News & Events


[2016-12-09] George Neville-Neil, FreeBSD Foundation," Teaching, and Understanding, Systems Software with FreeBSD and DTrace "

Poster:Post date:2016-11-09
Title: Teaching, and Understanding, Systems Software with FreeBSD and DTrace

  2016-12-09  2:20pm-3:30pm

Location:  R101, CSIE

Speaker:  George Neville-Neil, FreeBSD Foundation

Hosted by:
Prof. Shih-Hao Hung



We have observed a decline in the teaching of operating systems fundamentals in a period where it is becoming more important, in large part due to a lack of contemporary and re-usable material, and training for people to teach operating systems. Where such courses still exist they work with toys rather than real systems, avoid interesting micro-architectural elements required to achieve performance on contemporary systems, omit coverage of the features developers are most likely to engage with e.g., multi-threading, multi-core hardware, and networking. Finally, and perhaps most importantly, they fail to teach suitable experimental methodology to allow developers to evaluate whether their performance work is effective.

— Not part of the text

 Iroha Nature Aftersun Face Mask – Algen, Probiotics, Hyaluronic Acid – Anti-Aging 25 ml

It is our belief that giving students the ability to observe, at run time, the inner workings of a complex system, such as the FreeBSD Operating System, provides them with a clearer understanding of how such systems ought to work in theory, how they actually work in practice, and how to design systems that attain a very high quality in the field.

All of our teaching materials are on line: http://teachbsd.org


George likes to say that he, "Works on networking and operating system code for fun and profit." Writing machine code, building hardware and teaching computing since his teens, his first profit making programming gig was hacking DBase III code for an insurance company while still in High School. He published his first piece of commercial software, an audio digitizer for the then popular Amiga computer, while still in college.

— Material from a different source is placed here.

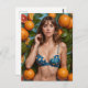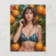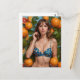 Une femme sexy dans un haut de bikini fleuri tient une peinture orange générée par l'IA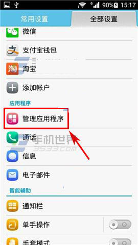 1)打开华为荣耀6的【设置】,然后选择【管理应用程序】。(如下图)

He is the author of two leading books on operating systems, the latest co-authored with Marshall Kirk McKusick and Robert N. M. Watson of The Design and implementation of the FreeBSD Operating System 2nd Ed.

Standing firmly at the intersection of industry and academia and due to his top ranking as software development, George has worked on research projects with the University of Cambridge as well as the University of Twente in the Netherlands. He has spent many years producing commercial software for companies such as Wind River Systems, who, along with NASA, put a bit of his code on Mars with the Pathfinder probe.

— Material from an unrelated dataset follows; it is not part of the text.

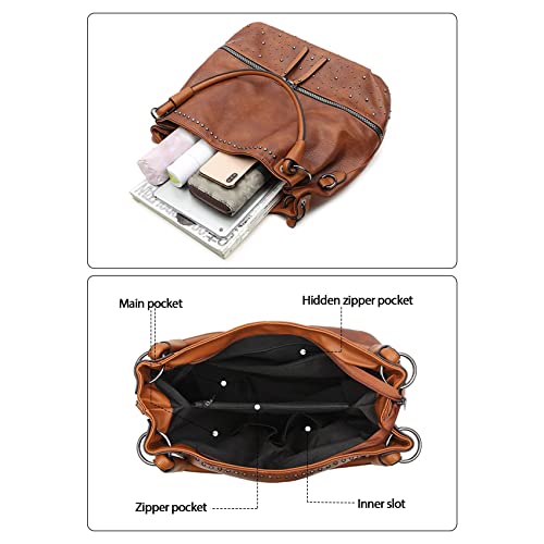 Oichy Borsa Donna Borsetta Pelle PU Borsa Tracolla Top Handle Borsa a Spalla Borse Tote Multiuso (Caffè)

For over ten years he has been the columnist better known as Kode Vicious, producing the most widely read column in both of ACM's premier flagship magazines, "Queue" and "Communications of the ACM". More recently he was tapped to chair the ACM Practitioner Board, which is dedicated to bridging the gap between research and industry, where he helped create the ACM Applicative conference.

He is an avid bicyclist and traveler who speaks several languages including Japanese, and Dutch as well as English, and has lived and worked in Amsterdam and Tokyo. He currently lives in Brooklyn, New York.